**EXERCISE DETAILS:**
Below are records to give again exactly; omit each image they contain.

━━ RECORDS PROVIDED ━━

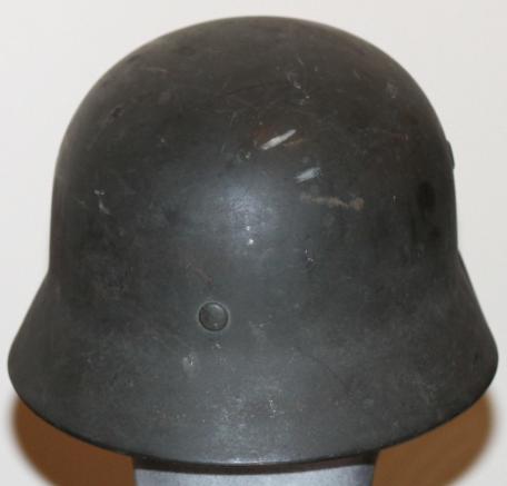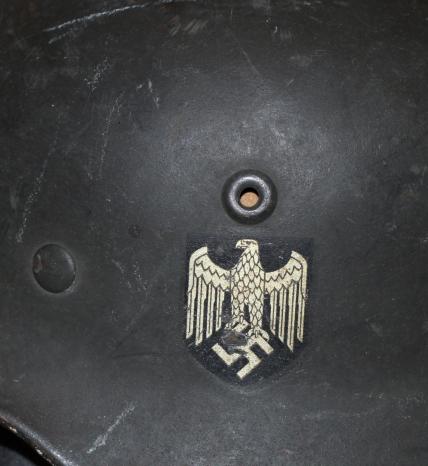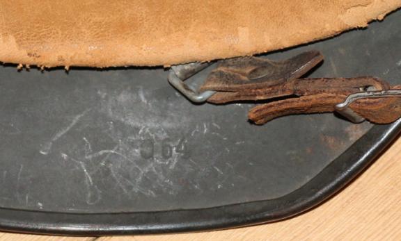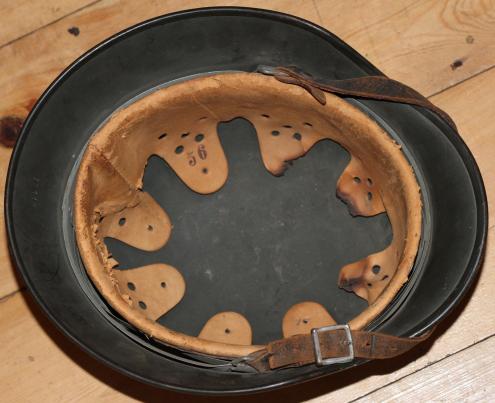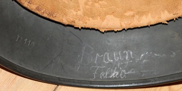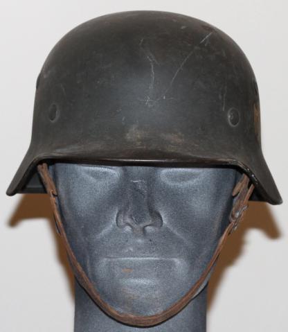 A superb all complete original combat helmet retaining almost all it's original matt field grey paint. This one is what's called a wartime re issue, i.e. updated with matt paint , re decalled in some instances and issued again. Interestingly, the decal has been applied on top of an earlier one which can just be made out on close inspection. The decal is a stunning looking army which has toned to a golden colour but in my opinion is not a Kreigsmarine. Q64 and batch no. DN 116. Good liner with 3 tongue ends slightly a/f and dark which is usually blood so this guy possibly had a head wound. Original steel buckle chin strap, good but with tip of the long section absent . Owners name " BRAUN FALKO " applied to apron.
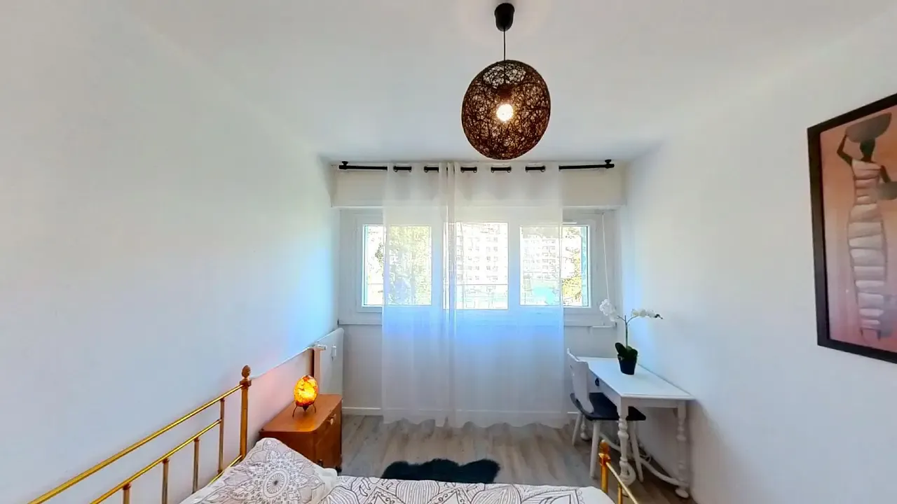 APPARTEMENT 4 PIÈCES AVEC BALCON Au 6 Rue Jean-Baptiste Charcot à Annemasse (74100), découvrez cette colocation de 3 chambres de 75 m2. LA CHAMBRE Cette chambre est équipée d'un lit double, d'une armoire, d'un chevet, d'une table pouvant faire office de bureau et d'une chaise. LES ESPACES COMMUNS Cet appartement de 4 pièces se compose comme suit : un salon avec un canapé, une table à manger ainsi qu'une télévision, deux chambres, une cuisine et une salle de bains équipée d'une douche ainsi que d'une machine à laver. La cuisine comporte un four, un lave-vaisselle, une machine à café, un micro-ondes, une plaque de cuisson et un réfrigérateur américain. Le chauffage est collectif. La fibre optique est disponible dans cet appartement, pour un accès internet haut débit. Il se situe au 3e étage d'un immeuble avec ascenseur. LES EXTÉRIEURS L'appartement comporte également un local vélos. Deux balcons lui offrent de l'espace additionnel bienvenu. LE QUARTIER Niveau transports en commun, on trouve huit lignes de bus à moins de 10 minutes à pied. Les autoroutes A40 et A411 sont accessibles à moins de 3 km. Pour vos loisirs, vous pourrez compter sur un conservatoire et une bibliothèque à proximité. Il y a aussi des restaurants, quatre boulangeries, des commerces, deux supermarchés, deux épiceries et un bureau de poste. Les informations sur les risques auxquels ce bien est exposé sont disponibles sur le site Géorisques : (hidden) Montant estimé des dépenses annuelles d'énergie pour un usage standard : 816 € par an. Prix moyens des énergies indexés sur l'année 2021 (abonnements compris...
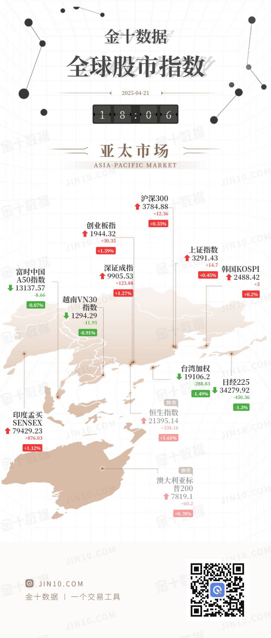 34279.92 -1.49% -450.36 休市 -1.3% 恒生指数 印度孟买 ↑ 21395.14 SENSEX +338.16 ↑ 79429.23 +1.6196 +876.03 +1.12% 休市 澳大利亚标 普200 7819.1 +60.2 +0.78% @ JIN10.COM 金十数据 | 一个交易工具 金十图示:2025年04月21日(周一)全球股市指数-亚太市场(收盘) ...
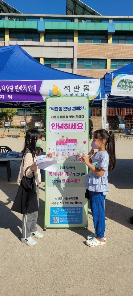 서울 성북구 석관동 자원봉사캠프 및 지역사회보장협의체는 최근 의릉문화축제를 개최하는 중에 석관초등학교에서 이웃간 관심과 관계 맺기 홍보 캠페인인 ‘안녕 캠페인’을 전개했다. 사진은 안녕 캠페인을 하고 있는 어린이들의 모습. (사진제공=성북구청)
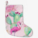 Rosa flamingo, exotiska fåglar, mjuka blommor, ro. liten julstrumpa
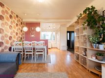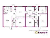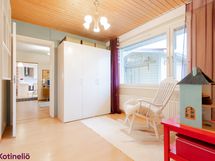 MH 1: tapetti kaikissa seinissä MH 2: tapetti kaikissa seinissä MH 3: seinät maali MH 4: Maali/tapetti MH 5: Maali/tapetti Kaikissa laminaattilattia. Hyvät säilytystilat: vaatehuone, kaapistoja ja kaksi ulkovarastoa.
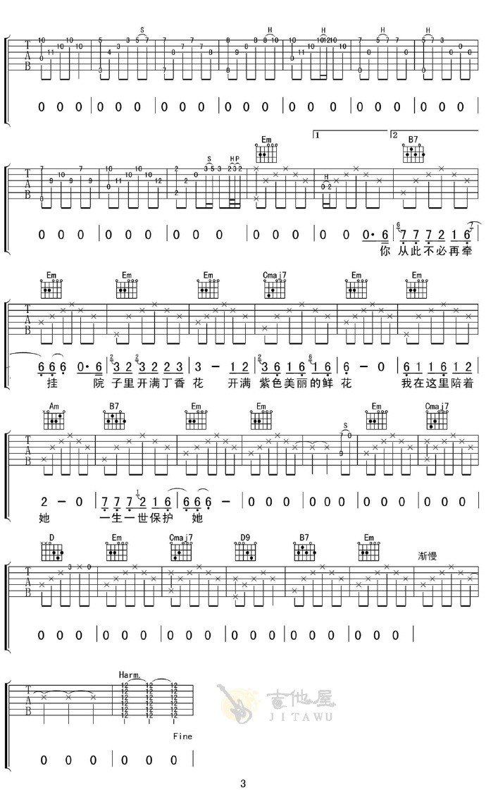 曲谱介绍: 唐磊《丁香花》吉他弹唱谱,采用G调指法编配原版,共有3张高清图谱。
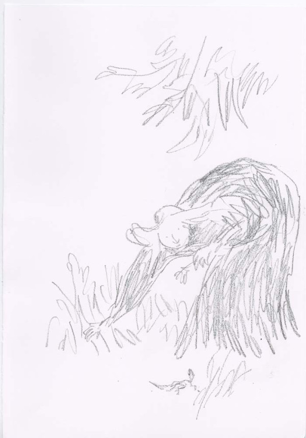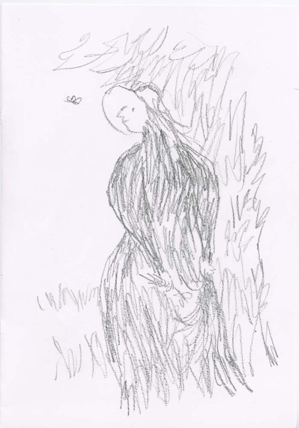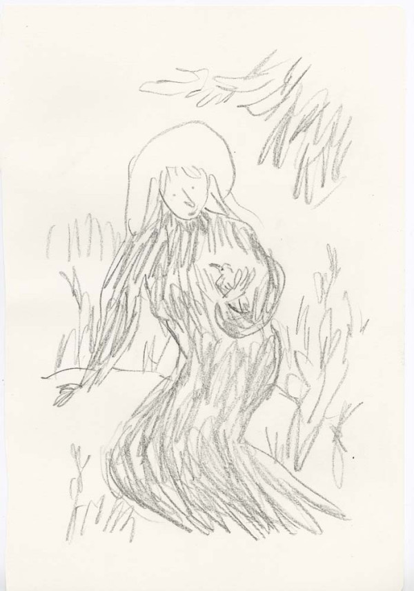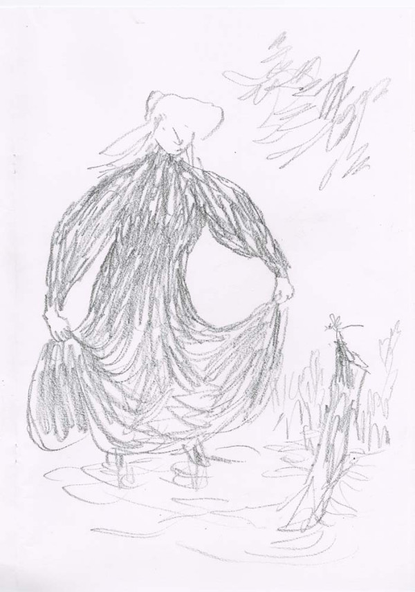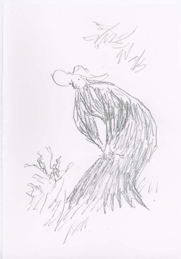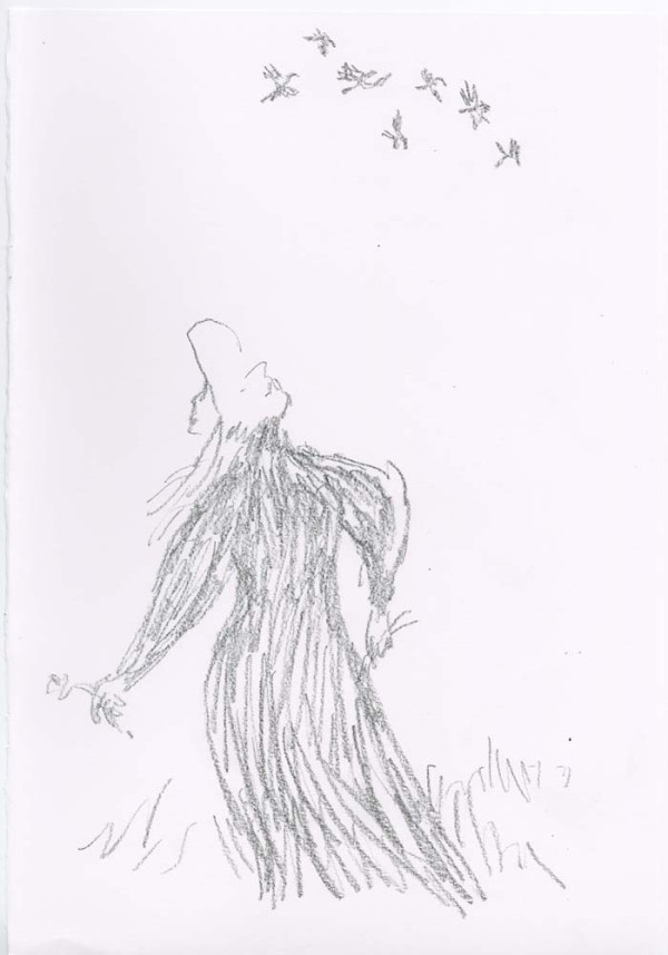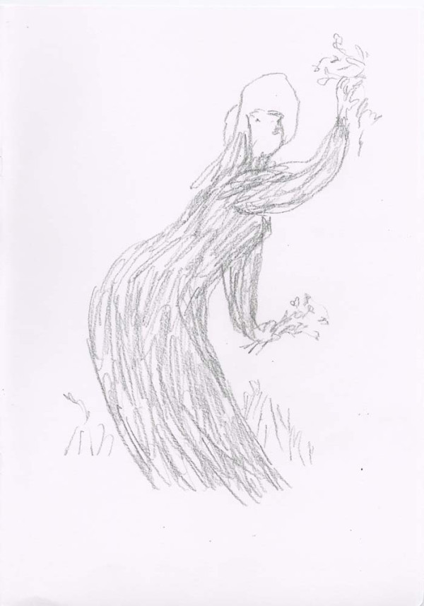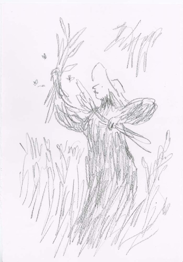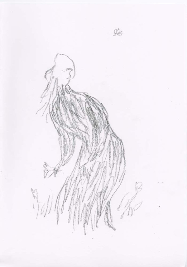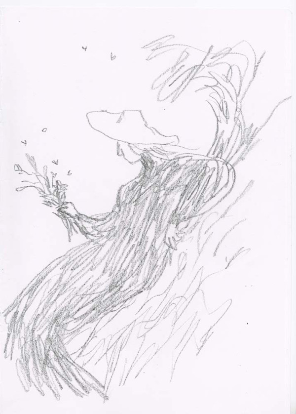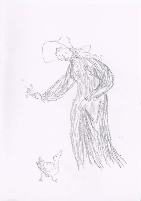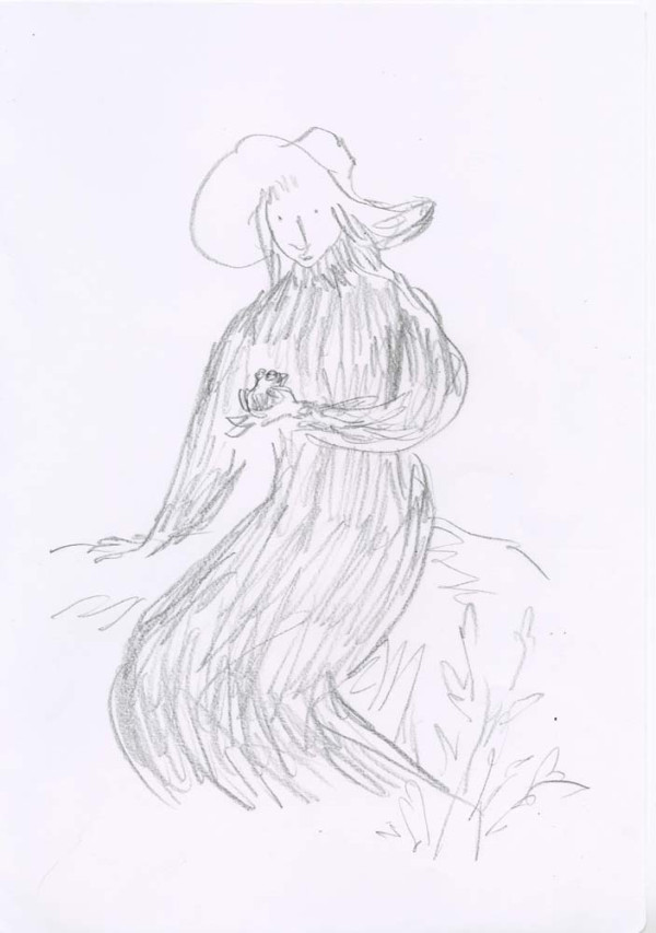 ' I very much enjoy drawing what I persuade myself is an Edwardian dress. The ladies I have drawn are usually pursuing domestic acticities - they are passionate about potted plants - but this time I wanted them to be younger and more relaxed, so I hope the straw hat provides an invitation to the pleasures of outdoors, ones in which I hope the spectator is able to join. - Quentin Blake, June 2019
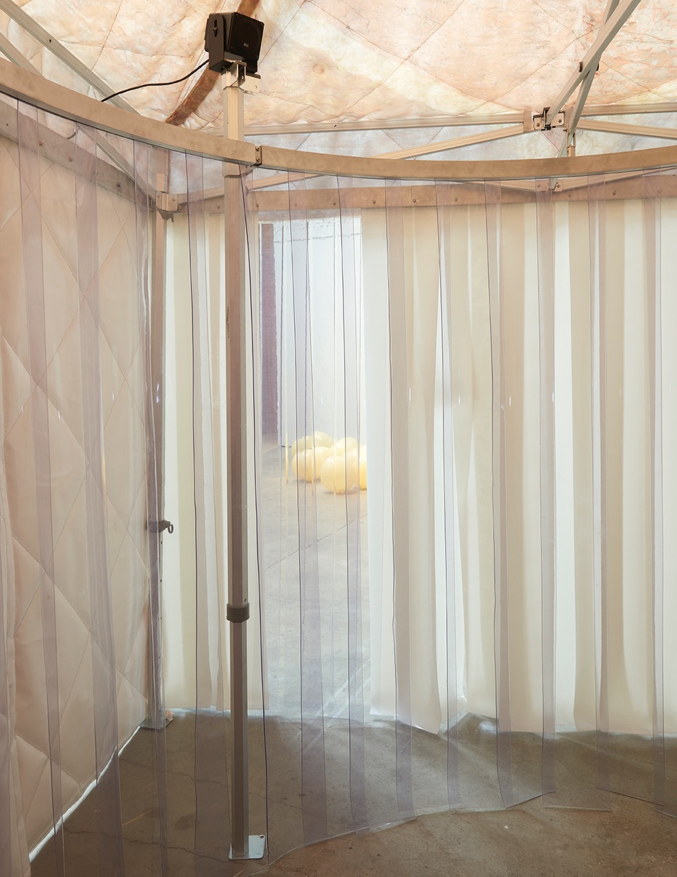 Jacqueline Kiyomi Gordon, Noise Blanket, Nos. 11–16, or Everybody’s Got Choices, 2019 (detail). Silicone, aluminum, vinyl, yarn, polyester filling, speakers, noise file filtered to the frequencies subtracted by the acoustics of the sculpture. 120 × 120 × 130 inches. Courtesy the artist and Empty Gallery. Photo: Kyle Knodell.

━━━

**TASK OUTPUT:**
 A superb all complete original combat helmet retaining almost all it's original matt field grey paint. This one is what's called a wartime re issue, i.e. updated with matt paint , re decalled in some instances and issued again. Interestingly, the decal has been applied on top of an earlier one which can just be made out on close inspection. The decal is a stunning looking army which has toned to a golden colour but in my opinion is not a Kreigsmarine. Q64 and batch no. DN 116. Good liner with 3 tongue ends slightly a/f and dark which is usually blood so this guy possibly had a head wound. Original steel buckle chin strap, good but with tip of the long section absent . Owners name " BRAUN FALKO " applied to apron.
 APPARTEMENT 4 PIÈCES AVEC BALCON Au 6 Rue Jean-Baptiste Charcot à Annemasse (74100), découvrez cette colocation de 3 chambres de 75 m2. LA CHAMBRE Cette chambre est équipée d'un lit double, d'une armoire, d'un chevet, d'une table pouvant faire office de bureau et d'une chaise. LES ESPACES COMMUNS Cet appartement de 4 pièces se compose comme suit : un salon avec un canapé, une table à manger ainsi qu'une télévision, deux chambres, une cuisine et une salle de bains équipée d'une douche ainsi que d'une machine à laver. La cuisine comporte un four, un lave-vaisselle, une machine à café, un micro-ondes, une plaque de cuisson et un réfrigérateur américain. Le chauffage est collectif. La fibre optique est disponible dans cet appartement, pour un accès internet haut débit. Il se situe au 3e étage d'un immeuble avec ascenseur. LES EXTÉRIEURS L'appartement comporte également un local vélos. Deux balcons lui offrent de l'espace additionnel bienvenu. LE QUARTIER Niveau transports en commun, on trouve huit lignes de bus à moins de 10 minutes à pied. Les autoroutes A40 et A411 sont accessibles à moins de 3 km. Pour vos loisirs, vous pourrez compter sur un conservatoire et une bibliothèque à proximité. Il y a aussi des restaurants, quatre boulangeries, des commerces, deux supermarchés, deux épiceries et un bureau de poste. Les informations sur les risques auxquels ce bien est exposé sont disponibles sur le site Géorisques : (hidden) Montant estimé des dépenses annuelles d'énergie pour un usage standard : 816 € par an. Prix moyens des énergies indexés sur l'année 2021 (abonnements compris...
 34279.92 -1.49% -450.36 休市 -1.3% 恒生指数 印度孟买 ↑ 21395.14 SENSEX +338.16 ↑ 79429.23 +1.6196 +876.03 +1.12% 休市 澳大利亚标 普200 7819.1 +60.2 +0.78% @ JIN10.COM 金十数据 | 一个交易工具 金十图示:2025年04月21日(周一)全球股市指数-亚太市场(收盘) ...
 서울 성북구 석관동 자원봉사캠프 및 지역사회보장협의체는 최근 의릉문화축제를 개최하는 중에 석관초등학교에서 이웃간 관심과 관계 맺기 홍보 캠페인인 ‘안녕 캠페인’을 전개했다. 사진은 안녕 캠페인을 하고 있는 어린이들의 모습. (사진제공=성북구청)
 Rosa flamingo, exotiska fåglar, mjuka blommor, ro. liten julstrumpa
 MH 1: tapetti kaikissa seinissä MH 2: tapetti kaikissa seinissä MH 3: seinät maali MH 4: Maali/tapetti MH 5: Maali/tapetti Kaikissa laminaattilattia. Hyvät säilytystilat: vaatehuone, kaapistoja ja kaksi ulkovarastoa.
 曲谱介绍: 唐磊《丁香花》吉他弹唱谱,采用G调指法编配原版,共有3张高清图谱。
 ' I very much enjoy drawing what I persuade myself is an Edwardian dress. The ladies I have drawn are usually pursuing domestic acticities - they are passionate about potted plants - but this time I wanted them to be younger and more relaxed, so I hope the straw hat provides an invitation to the pleasures of outdoors, ones in which I hope the spectator is able to join. - Quentin Blake, June 2019
 Jacqueline Kiyomi Gordon, Noise Blanket, Nos. 11–16, or Everybody’s Got Choices, 2019 (detail). Silicone, aluminum, vinyl, yarn, polyester filling, speakers, noise file filtered to the frequencies subtracted by the acoustics of the sculpture. 120 × 120 × 130 inches. Courtesy the artist and Empty Gallery. Photo: Kyle Knodell.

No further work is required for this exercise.